EXHAUSTION PHASE PROTOCOL

I suspect that all parts of the Neem tree might be one of the best panaceas for kundalini/stress induced conditions--both in preventing damage and imbalance and for achieving higher homeostasis. Since neem can be put in almost all the following categories I wanted to mention it separately. Neem: India's Miraculous Healing Plant by Ellen Norten. Neem: A Tree for Solving Global Problems by Noel Vietmeyer. Inflammation is not treated separately here because the antioxidant and immune sections basically cover the same remedies.

-Attitude--The most important nutrients for accepting and transcending the exhaustion phase are "love and respect" and an attitude of gratitude. That is both receiving the love and respect of others, and giving love and respect to yourself and others. The most important path for reinstating anabolic and potent growth chemistry is to follow your passions, to play and go on adventures. If you are not actively engaged in projects and activities that you love, then it is nigh impossible to flip your bodymind out of the die-back and depression, and the recovery period will be that much longer. Laughter, humor and play increase new neural connections, develop denser neuron growth and increase dopamine and GABA levels; thereby increasing creativity, relaxation and alertness.

-Integrating Energy--To deal with the intense energies, you might try to do some Toning...choose a sound such as Huuu, Ommm or a vowel sound and tone it out to the full length of your breath...do this for 1/2 an hour or more when your energies are uncomfortable and it will help integrate you. Also during any acute activity or exhaustion it is good to lie with your spine on the grass, and to do this for 1/2 hour a day is good for maintaining your energy levels and countering the fatigue of grounding that occurs. I suggest you find either a martial arts teacher, Qi gong master or someone to help guide you if things get rough, you might need to use their body as a "template" for higher-integration...it happens through "presence."

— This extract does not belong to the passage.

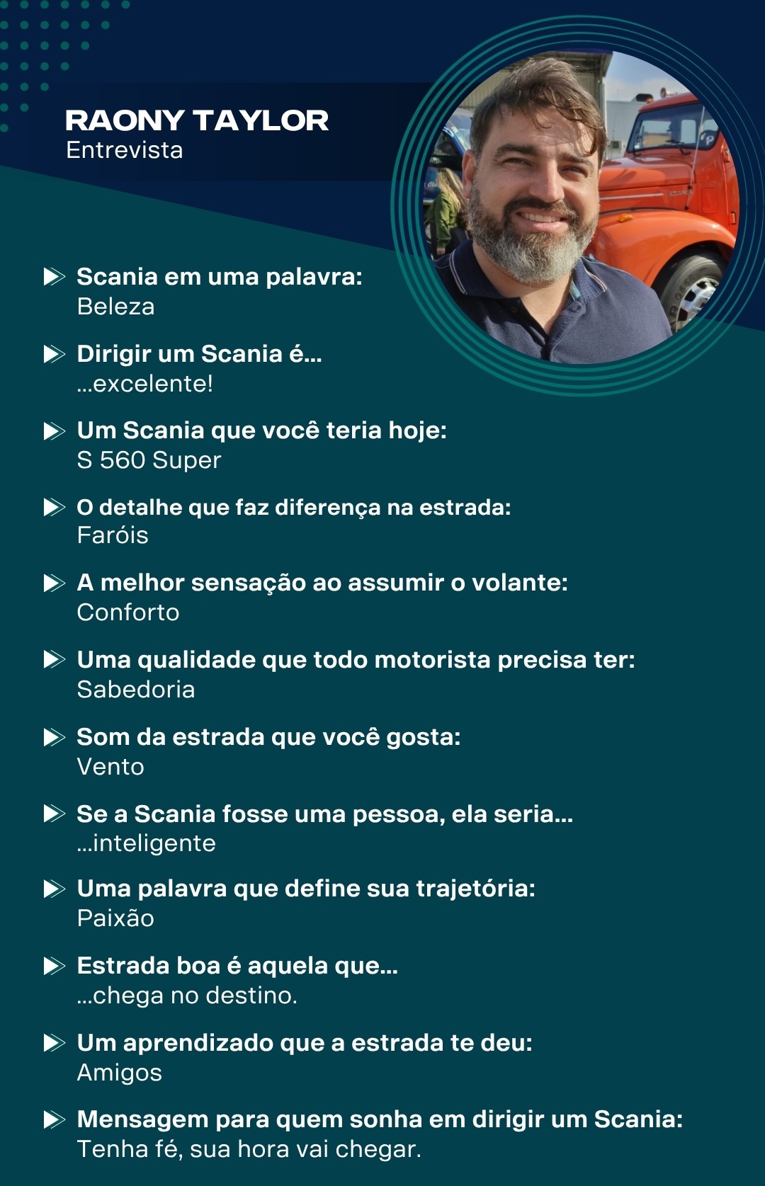 Motorista e empresário, Raony Taylor, sonhava desde criança em ter Scania, participou do concurso Melhor Motorista de Caminhão do Brasil (MMCB) e comprovou que os caminhões da marca vão além da imponência nas estradas

-Reducing Stress Hormones-- The adrenal cortical hormones suppress inflammatory processes, healing processes and the immune system. They also convert glycogen stores into glucose and elevate blood sugar levels--to counteract this catabolism chromium and Corosolic acid from Banaba leaf improves glucose entry into cells. Consume raw-complex/low glycemic carbohydrates and high quality protein to potentially deflect the ill effects of elevated cortisol. Acetyl-L-carnitine and phosphatidylserine are used to reduce cortisol production and repair receptor sensitivity in the hypothalamus. Adaptogens are herbs help coping with stress by restoring hypothalamic cortisol receptor sensitivity. Adaptogenic Herbs: Ashwaghanda root, Basil, California poppy, Echinopanax elatum, Devil's claw, Dong quai, Codonopsis, Goldenseal, Gotu kola, Green tea, Hawthorn extract, Hops Flowers, Kava kava, Licorice, Magnolia bark, Manchurian Thorn Tree extract, Rhodiola rosea, Schizandra, Suma, Valerian. Perhaps the most well known adaptogen is ginseng of which there are three types: Asian (Panax ginseng), which produces the strongest stimulation, American (Panax quinquefolium), which soothes and Siberian (Eleutherococcus senticosus) for stamina. The Aralia family includes Ginseng, Echinopanax, Aralia, and Eleutherococcus. One of the best ways to control elevated cortisol levels is to keep well hydrated for dehydration causes cortisol levels to increase.

-Hypoadrenalism--Prolonged stress exhausts the adrenal glands and other glands and organ systems resulting in Hypoadrenia. Hypothyroidism, reactive hypoglycemia and depressed immunity are often associated with this condition as well. To build up your adrenals to recover from fatigue take 1000 mg four times per day of buffered vitamin C with plenty of water between meals. The adrenals are the site of the highest concentration of vitamin C in the body. Pantothenic acid or B5, vitamin B1 and vitamin B6 work synergistically to nourish and strengthen the adrenals. Herbs to rebuild the adrenals are: Ashwagandha, Chaparral, Ginseng, Licorice, Ma huang and Suma. Licorice root slows down the deactivation of cortisol and aldosterone extending the life of these hormones in the body, so may be best to avoid a lot of licorice root during the peak phase.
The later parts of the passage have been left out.